### YOUR GOAL
Please transcribe the data that follows without the pictures, keeping every word the same.

### DATA EXCERPT
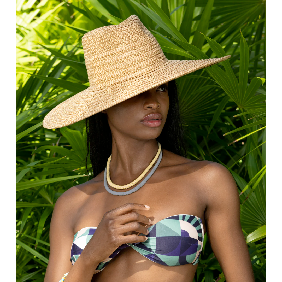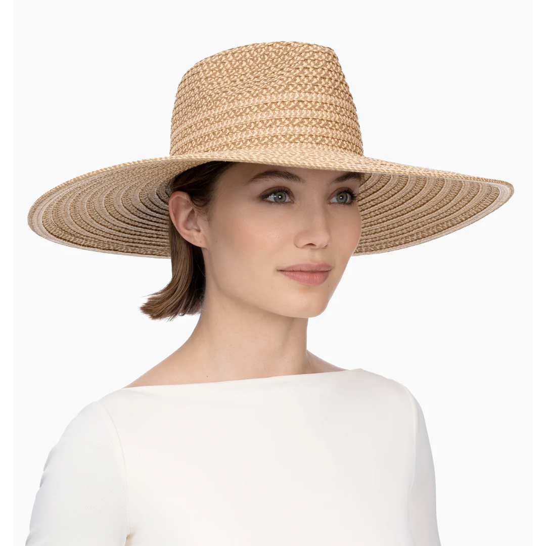 A maritime-inspired fedora made of Squishee® is perfect to use for sun protection in a resort setting where having style matters.This designer Women’s hat for sale online, with its large, contrast striped dip brim and tall elegant fedora crown, has flare to spare!
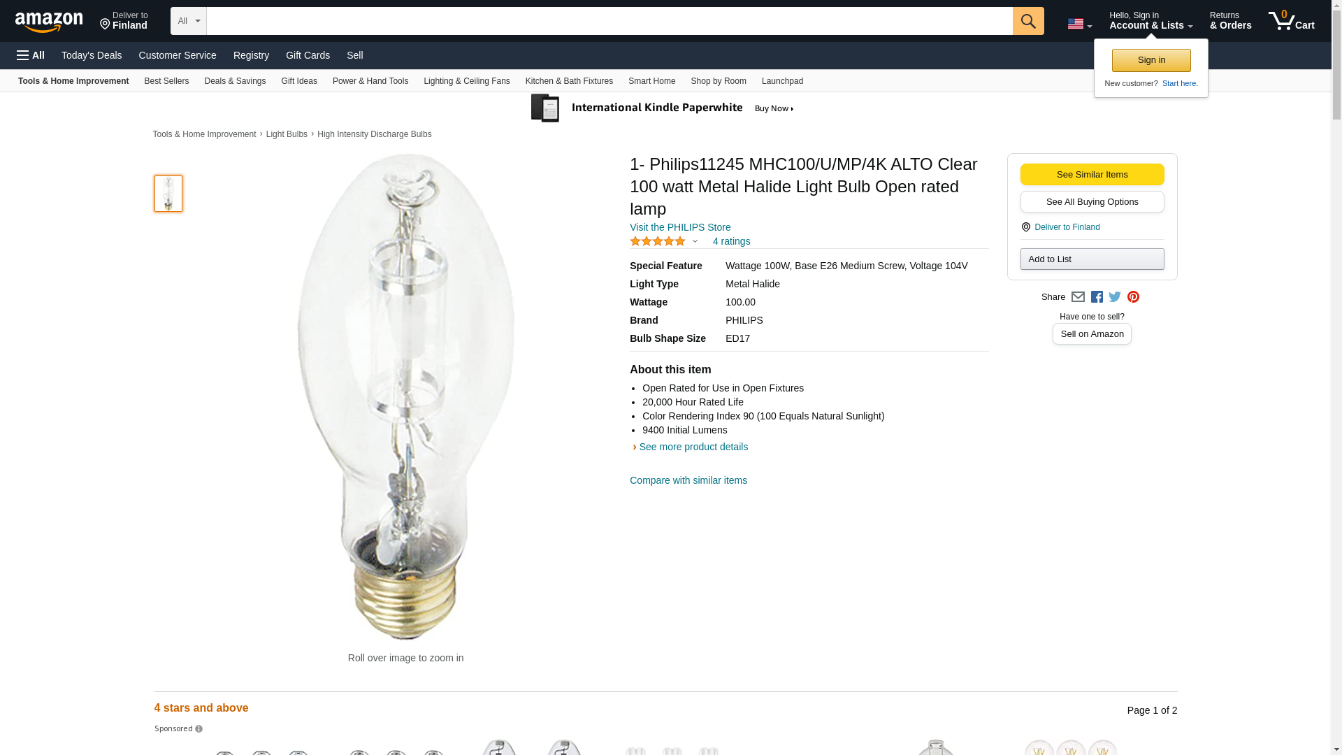 Philips 360602 - MHC100/U/MP/4K ALTO 100 watt Metal Halide Light Bulb
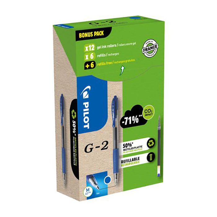Detta Greenpack innehåller våra blå G-2 medium pennor och tillhörande refills. Njut av den otroligt mjuka och sköna skrivkänslan tack vare den ergonomiska designen och gummigreppet. Vattenresistent och kladdfri gör G-2 till en pålitlig penna. Pennorna i den här förpackningen är gjorda av minst 50% återvunnen plast (exkl. refills och produktförpackning) och är 100% påfyllnadsbara för att spara på planetens resurser. Tillsammans kan vi minska vårt avfall genom att anta ett bättre konsumtionsbeteende. Det här är ett riktigt ekonomiskt och miljömedvetet alternativ att ha på jobbet, utan att tumma på kvalitén. PILOT fortsätter att utveckla lösningar som har en positiv påverkan på vår miljö och som hjälper ditt företag att minska koldioxidavtrycket. Små detaljer kan göra stor skillnad: Genom att fylla på din penna med tre refills (jämfört med fyra pennor) kan du minska koldioxidavtrycket med 61%. Att använda refills hjälper dig även att minska användarkostnaden och gör att du sparar pengar!
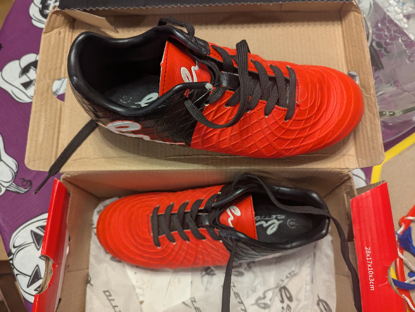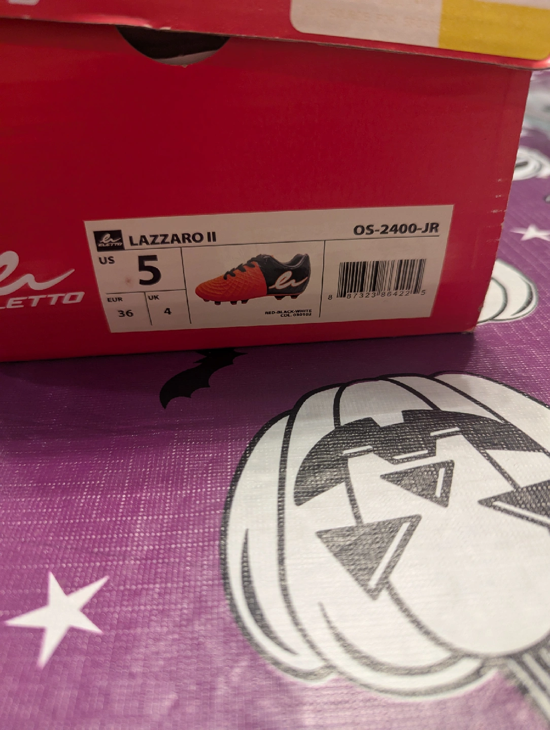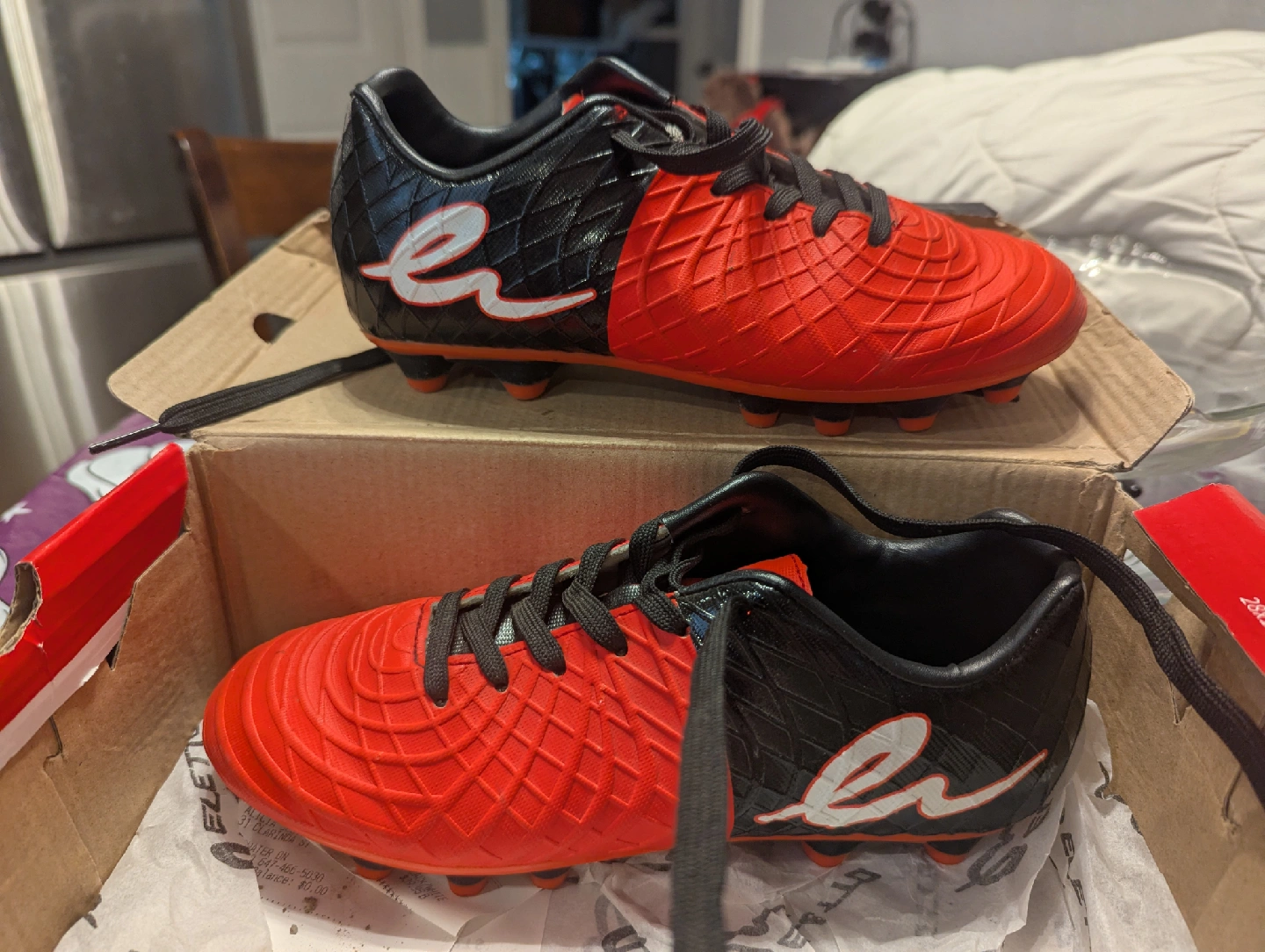 Selling a pair of Eletto Lazzaro II JR soccer cleats in excellent condition! They are a US size 5 and come in the original box. These cleats feature a vibrant red and black design. Perfect for young soccer players!

### RESULT
 A maritime-inspired fedora made of Squishee® is perfect to use for sun protection in a resort setting where having style matters.This designer Women’s hat for sale online, with its large, contrast striped dip brim and tall elegant fedora crown, has flare to spare!
 Philips 360602 - MHC100/U/MP/4K ALTO 100 watt Metal Halide Light Bulb
Detta Greenpack innehåller våra blå G-2 medium pennor och tillhörande refills. Njut av den otroligt mjuka och sköna skrivkänslan tack vare den ergonomiska designen och gummigreppet. Vattenresistent och kladdfri gör G-2 till en pålitlig penna. Pennorna i den här förpackningen är gjorda av minst 50% återvunnen plast (exkl. refills och produktförpackning) och är 100% påfyllnadsbara för att spara på planetens resurser. Tillsammans kan vi minska vårt avfall genom att anta ett bättre konsumtionsbeteende. Det här är ett riktigt ekonomiskt och miljömedvetet alternativ att ha på jobbet, utan att tumma på kvalitén. PILOT fortsätter att utveckla lösningar som har en positiv påverkan på vår miljö och som hjälper ditt företag att minska koldioxidavtrycket. Små detaljer kan göra stor skillnad: Genom att fylla på din penna med tre refills (jämfört med fyra pennor) kan du minska koldioxidavtrycket med 61%. Att använda refills hjälper dig även att minska användarkostnaden och gör att du sparar pengar!
 Selling a pair of Eletto Lazzaro II JR soccer cleats in excellent condition! They are a US size 5 and come in the original box. These cleats feature a vibrant red and black design. Perfect for young soccer players!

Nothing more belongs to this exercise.